3. At the same time being told we are made in the image of God confers us with great honor and favor and great importance, being made in the image of God reminds us that all of this, this world, this creation, this work we do, is not about us. When we are truly living our lives as were created to live, we are simply reflecting God’s glory.
I don’t know about you, but I am tempted to think it is all about me. I am tempted to twist my faith to be about making myself happy, making myself fulfilled, alieviating my fears, building my SELF IMAGE.I don’t know about you, but I am tempted to come to God with a sense of entitlement. I want to tell God the way that he should do things. And when it does not work out quite the way I want it to, I am tempted to get frustrated and angry.
And I read this first chapter of Genesis 1 I hear a song. But it is not a song that is being sung to me. It is a song of praise that I should sing. Praise to a God whose love surrounds me. Who created the air I breathe and the food I eat, and the sun that lights my days and land my feet walk on. And who in the midst of that, wants me to be his friend. Who gives me purpose and meaning, hope and acceptance.

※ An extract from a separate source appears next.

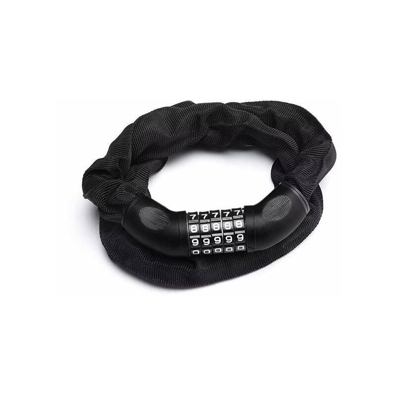 Finitura nera Lucchetto a catena in acciaio temperato con rivestimento in nylon morbido Lucchetto con combinazione a 5 cifre Lucchetto per bici con catena da 105 cm e 5- lucchetto con combinazione di cifre Proteggi la tua bici dai ladri con questo lucchetto con cavo da 105 cm con combinazione a 5 cifre. Questo lucchetto è eccezionalmente pratico e rassicurante quando devi mettere al sicuro la tua bici, a casa, al lavoro o durante una sosta durante un'escursione. Usa il cavo per collegare facilmente la tua bici a se stessa (ruota al telaio), a un'altra bici o a un oggetto fisso per una maggiore sicurezza. Quando non in uso, il cavo flessibile può avvolgere ordinatamente il telaio della bicicletta per riporlo comodamente. Il cavo può essere utilizzato anche per fissare il casco, lo zaino, la valigia, ecc. Dettagli Lucchetto con cavo per bici da 105 cm Acciaio resistente al taglio Acciaio resistente al taglio Elegante finitura nera Combinazione a 5 cifre, riprogrammabile Istruzioni per

This word communion is strange. It comes from the same word as community, but it talks about intimate relationship. It talks about a connection. It is appropriate for how God made us to be. We are made to be in relationship with him. It is an appropriate word as we come to the Lord’s Table as well.
As we come to the cross, we remember too, that this table is not about us. It is about Jesus.
We come not to force our agenda, but to surrender to God’s. We come not to justify ourselves, but to accept that we are only justified through trusting in Christ’s saving work on the cross.
It is about Christ’s love. It is about Jesus being wanting to be in relationship with us. Let us sing on.